*WHAT NEEDS TO BE DONE*. In the records below, find the line with "پمپ نیم اسب", then copy each line exactly until you have copied the line with "大阪府 泉佐野市 送料無料". Leave any picture out.

*DATA TO EXAMINE*.

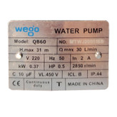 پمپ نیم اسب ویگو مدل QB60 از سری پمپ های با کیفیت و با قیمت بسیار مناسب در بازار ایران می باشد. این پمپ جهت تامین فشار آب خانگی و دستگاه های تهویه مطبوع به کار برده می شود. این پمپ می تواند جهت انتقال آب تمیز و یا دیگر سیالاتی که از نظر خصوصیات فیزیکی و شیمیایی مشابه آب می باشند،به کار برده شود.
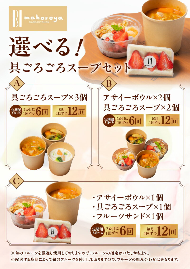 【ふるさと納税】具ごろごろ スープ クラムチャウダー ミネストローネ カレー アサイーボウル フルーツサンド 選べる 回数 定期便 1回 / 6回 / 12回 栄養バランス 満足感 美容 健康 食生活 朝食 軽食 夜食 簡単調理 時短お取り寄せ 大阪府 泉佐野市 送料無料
==
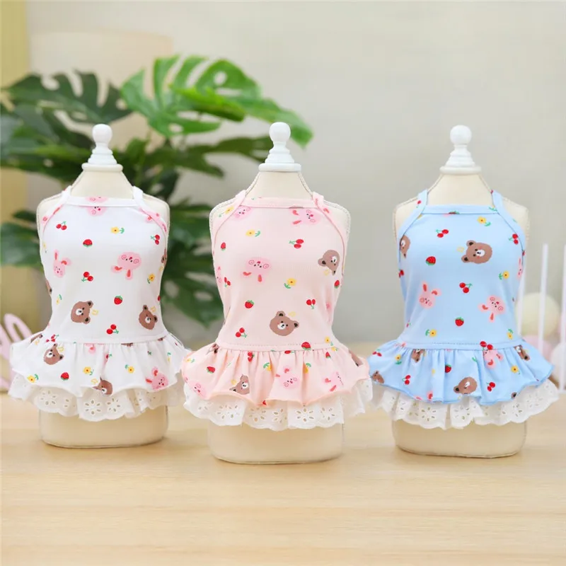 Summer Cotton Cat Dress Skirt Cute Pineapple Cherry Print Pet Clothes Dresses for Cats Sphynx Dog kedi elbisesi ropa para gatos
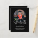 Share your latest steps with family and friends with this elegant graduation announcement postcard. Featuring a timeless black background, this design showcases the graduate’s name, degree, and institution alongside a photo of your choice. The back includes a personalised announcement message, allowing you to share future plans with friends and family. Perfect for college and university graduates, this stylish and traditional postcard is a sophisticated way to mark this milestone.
==
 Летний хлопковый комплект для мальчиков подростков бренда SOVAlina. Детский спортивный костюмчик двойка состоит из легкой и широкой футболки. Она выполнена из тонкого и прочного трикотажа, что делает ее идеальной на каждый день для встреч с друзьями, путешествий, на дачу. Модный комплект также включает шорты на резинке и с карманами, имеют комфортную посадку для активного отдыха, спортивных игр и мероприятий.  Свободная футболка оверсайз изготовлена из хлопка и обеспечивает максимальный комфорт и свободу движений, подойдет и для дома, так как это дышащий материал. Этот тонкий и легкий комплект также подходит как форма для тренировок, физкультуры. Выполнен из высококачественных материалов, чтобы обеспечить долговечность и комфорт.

*THE ANSWER*.
 پمپ نیم اسب ویگو مدل QB60 از سری پمپ های با کیفیت و با قیمت بسیار مناسب در بازار ایران می باشد. این پمپ جهت تامین فشار آب خانگی و دستگاه های تهویه مطبوع به کار برده می شود. این پمپ می تواند جهت انتقال آب تمیز و یا دیگر سیالاتی که از نظر خصوصیات فیزیکی و شیمیایی مشابه آب می باشند،به کار برده شود.
 【ふるさと納税】具ごろごろ スープ クラムチャウダー ミネストローネ カレー アサイーボウル フルーツサンド 選べる 回数 定期便 1回 / 6回 / 12回 栄養バランス 満足感 美容 健康 食生活 朝食 軽食 夜食 簡単調理 時短お取り寄せ 大阪府 泉佐野市 送料無料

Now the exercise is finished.